■ MATERIAL SUPPLIED
--
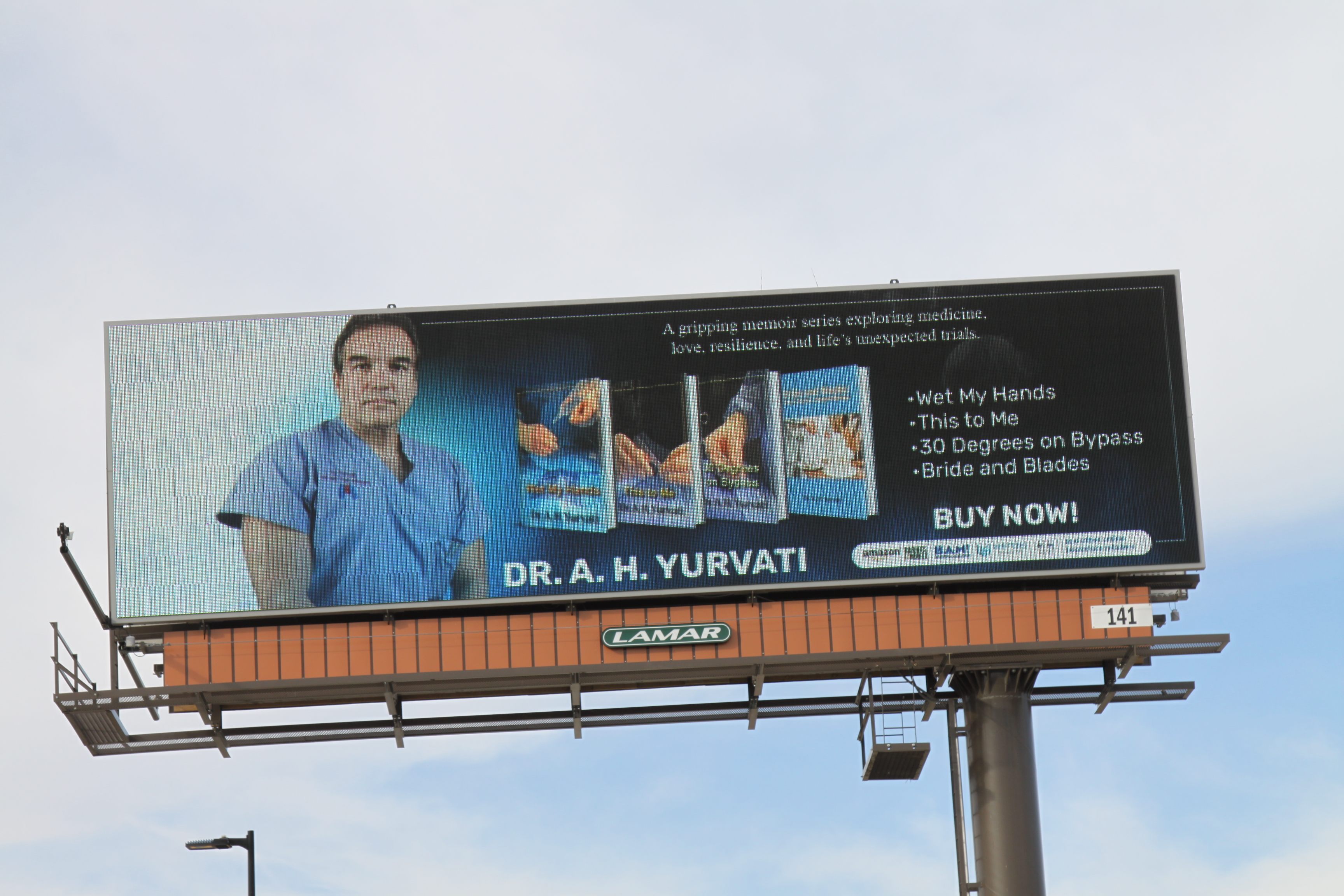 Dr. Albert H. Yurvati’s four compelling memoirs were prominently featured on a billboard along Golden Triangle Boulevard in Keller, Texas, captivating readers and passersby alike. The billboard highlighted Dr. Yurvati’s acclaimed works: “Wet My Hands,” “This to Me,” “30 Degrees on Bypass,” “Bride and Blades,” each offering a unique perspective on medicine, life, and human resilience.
--
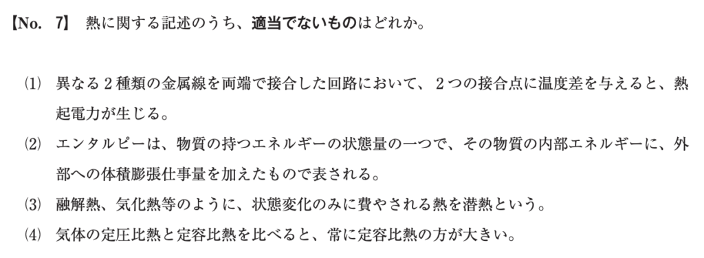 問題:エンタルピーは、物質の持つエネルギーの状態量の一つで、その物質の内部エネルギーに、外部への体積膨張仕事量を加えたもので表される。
--
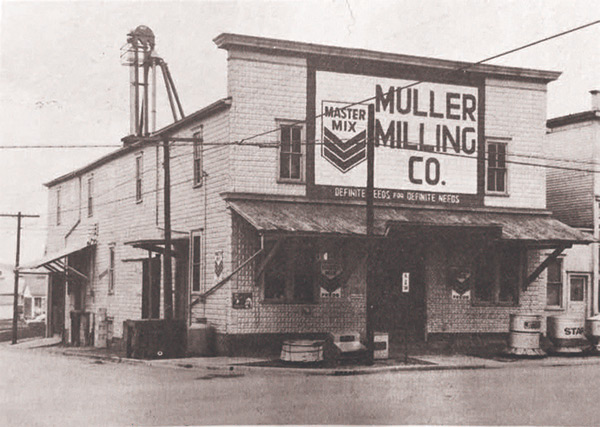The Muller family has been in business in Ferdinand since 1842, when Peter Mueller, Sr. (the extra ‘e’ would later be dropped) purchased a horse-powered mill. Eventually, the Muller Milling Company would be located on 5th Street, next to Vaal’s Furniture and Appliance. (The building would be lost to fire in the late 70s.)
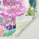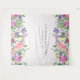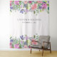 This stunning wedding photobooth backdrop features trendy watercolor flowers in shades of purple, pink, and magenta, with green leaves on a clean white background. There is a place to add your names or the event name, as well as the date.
--
■ EXERCISE OBJECTIVE
Repeat only the stretch of data above that runs from the line with "The Muller family" to the line with "This stunning wedding". Keep both end lines; exclude pictures.

■ TASK OUTPUT
The Muller family has been in business in Ferdinand since 1842, when Peter Mueller, Sr. (the extra ‘e’ would later be dropped) purchased a horse-powered mill. Eventually, the Muller Milling Company would be located on 5th Street, next to Vaal’s Furniture and Appliance. (The building would be lost to fire in the late 70s.)
 This stunning wedding photobooth backdrop features trendy watercolor flowers in shades of purple, pink, and magenta, with green leaves on a clean white background. There is a place to add your names or the event name, as well as the date.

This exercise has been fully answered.